/* $Id: USAGE,v 1.6 2003/10/20 15:03:03 chrisgreen Exp $ */
How to use Snort by Martin Roesch
1.0 GETTING STARTED
Snort really isn't very hard to use, but there are a lot of command line
options to play with, and it's not always obvious which ones go together well.
This file aims to make using Snort easier for new users.
Before we proceed, there are a few basic concepts you should understand about
Snort. There are three main modes in which Snort can be configured: sniffer,
packet logger, and network intrusion detection system. Sniffer mode simply
reads the packets off of the network and displays them for you in a continuous
stream on the console. Packet logger mode logs the packets to the disk.
Network intrusion detection mode is the most complex and configurable
configuration, allowing Snort to analyze network traffic for matches against a
user defined rule set and perform several actions based upon what it sees.
2.0 SNIFFER MODE
First, let's start with the basics. If you just want to print out the TCP/IP
packet headers to the screen (i.e. sniffer mode), try this:
./snort -v
This command will run Snort and just show the IP and TCP/UDP/ICMP headers,
nothing else. If you want to see the payload data in transit, try the
following:
./snort -vd
This instructs Snort to display the packet data as well as the headers. If you
want an even more descriptive display, showing the data link layer headers do
this:
./snort -vde
(As an aside, these switches may be divided up or smashed together in any
combination. The last command could also be typed out as:
./snort -d -v -e
and it would do the same thing.)
3.0 PACKET LOGGER MODE
Ok, all of these commands are pretty cool, but if you want to record the
packets to the disk, you need to specify a logging directory and Snort will
automatically know to go into packet logger mode:
./snort -dev -l ./log
Of course, this assumes you have a directory named "log" in the current
directory. If you don't, Snort will exit with an error message. When Snort
runs in this mode, it collects every packet it sees and places it in a
directory hierarchy based upon the IP address of one of the hosts in the
datagram.
If you just specify a plain "-l" switch, you may notice that Snort sometimes
uses the address of the remote computer as the directory in which it places
packets, and sometimes it uses the local host address. In order to log
relative to the home network, you need to tell Snort which network is the home
network:
./snort -dev -l ./log -h 192.168.1.0/24
This rule tells Snort that you want to print out the data link and TCP/IP
headers as well as application data into the directory ./log, and you want to
log the packets relative to the 192.168.1.0 class C network. All incoming
packets will be recorded into subdirectories of the log directory, with the
directory names being based on the address of the remote (non-192.168.1) host.

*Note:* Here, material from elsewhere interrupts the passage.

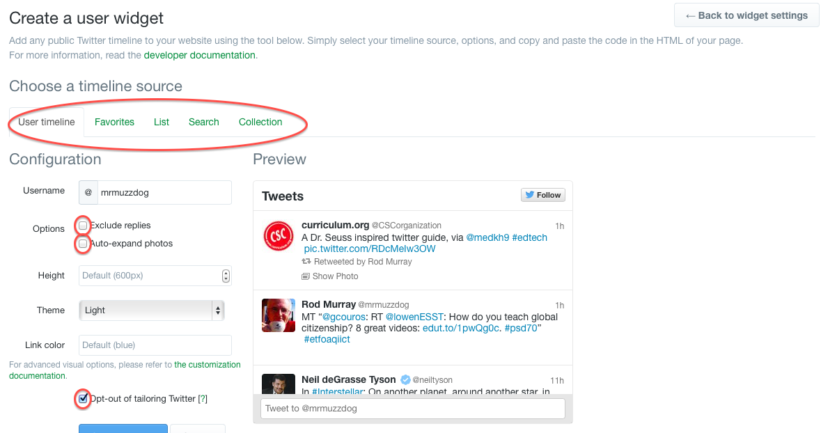 8) Next, in the list at the left, click on Widgets and then click Create New Widget. Once you’ve decided which type of Twitter Widget you wish to create, click the corresponding tab: User Timeline (e.g. @mrmmuzzdog, @etfoaq, @yourname, etc), Favourites (all the tweets you have added to your Favourite list), List (Twitter can create a single feed from a list of users), a Search (e.g. any #hashtag, #etfoaqiict, #mathchat) or Collection. You will, in all likelihood, be creating a User Timeline (a personal feed) or a #hashtag search feed for your course homepage.
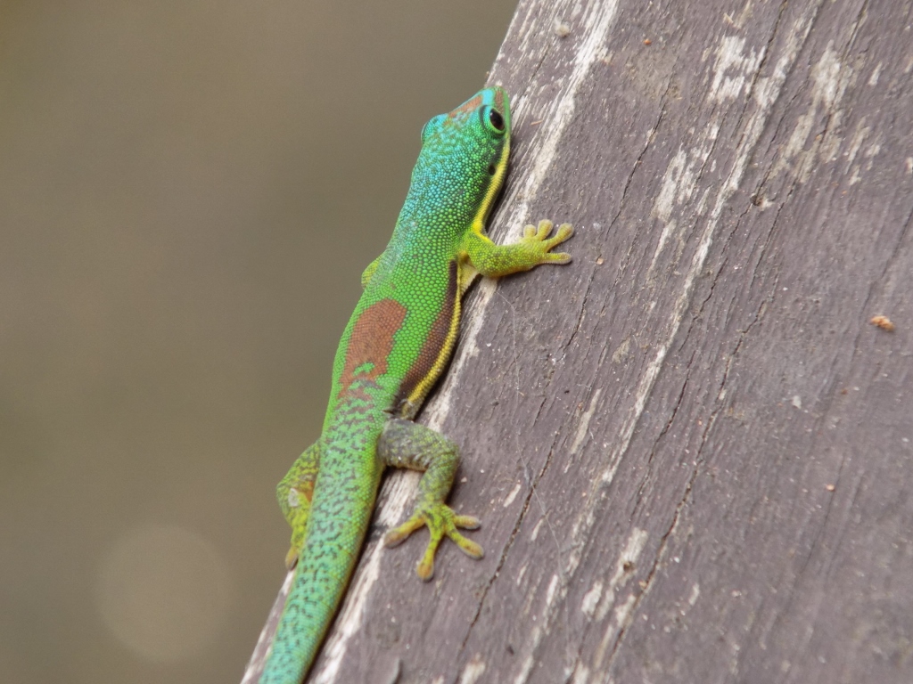 Prošle smo i pored bujnih žbunova nekog mirisnog cveća, a tu sam snimila i jednog prugastog dnevnog gekona (Phelsuma lineata).

Note that if both hosts are on the home network, then they are recorded based
upon the higher of the two's port numbers, or in the case of a tie, the source
address.
If you're on a high speed network or you want to log the packets into a more
compact form for later analysis you should consider logging in "binary mode".

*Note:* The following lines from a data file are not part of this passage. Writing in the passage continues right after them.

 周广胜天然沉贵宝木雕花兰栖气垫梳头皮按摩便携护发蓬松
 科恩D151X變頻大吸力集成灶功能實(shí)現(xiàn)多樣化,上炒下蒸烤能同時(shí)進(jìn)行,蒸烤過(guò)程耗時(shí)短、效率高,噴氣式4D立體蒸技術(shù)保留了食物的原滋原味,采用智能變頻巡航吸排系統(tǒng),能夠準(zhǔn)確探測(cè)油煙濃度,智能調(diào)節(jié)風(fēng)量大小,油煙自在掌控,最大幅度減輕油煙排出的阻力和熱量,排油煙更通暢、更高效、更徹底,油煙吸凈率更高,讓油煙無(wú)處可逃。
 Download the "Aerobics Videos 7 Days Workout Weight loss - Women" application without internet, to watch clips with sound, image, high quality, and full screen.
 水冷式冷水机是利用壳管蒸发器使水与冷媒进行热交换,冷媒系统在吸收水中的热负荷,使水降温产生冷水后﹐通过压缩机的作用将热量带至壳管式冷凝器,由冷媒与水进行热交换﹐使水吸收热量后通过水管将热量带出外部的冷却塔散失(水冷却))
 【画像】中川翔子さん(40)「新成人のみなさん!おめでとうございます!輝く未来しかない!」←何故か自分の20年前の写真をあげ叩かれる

Binary mode logs the packets in "tcpdump format" to a single binary file in
the logging directory:
./snort -l ./log -b
Note the command line changes here. We don't need to specify a home network
any longer because binary mode logs everything into a single file, which
eliminates the need to tell it how to format the output directory structure.
Additionally, you don't need to run in verbose mode or specify the -d or -e
switches becuase in binary mode the entire packet is logged, not just sections
of it. All that is really required to place Snort into logger mode is the
specification of a logging directory at the command line with the -l switch,
the -b binary logging switch merely provides a modifier to tell it to log the
packets in something other than the default output format of plain ASCII text.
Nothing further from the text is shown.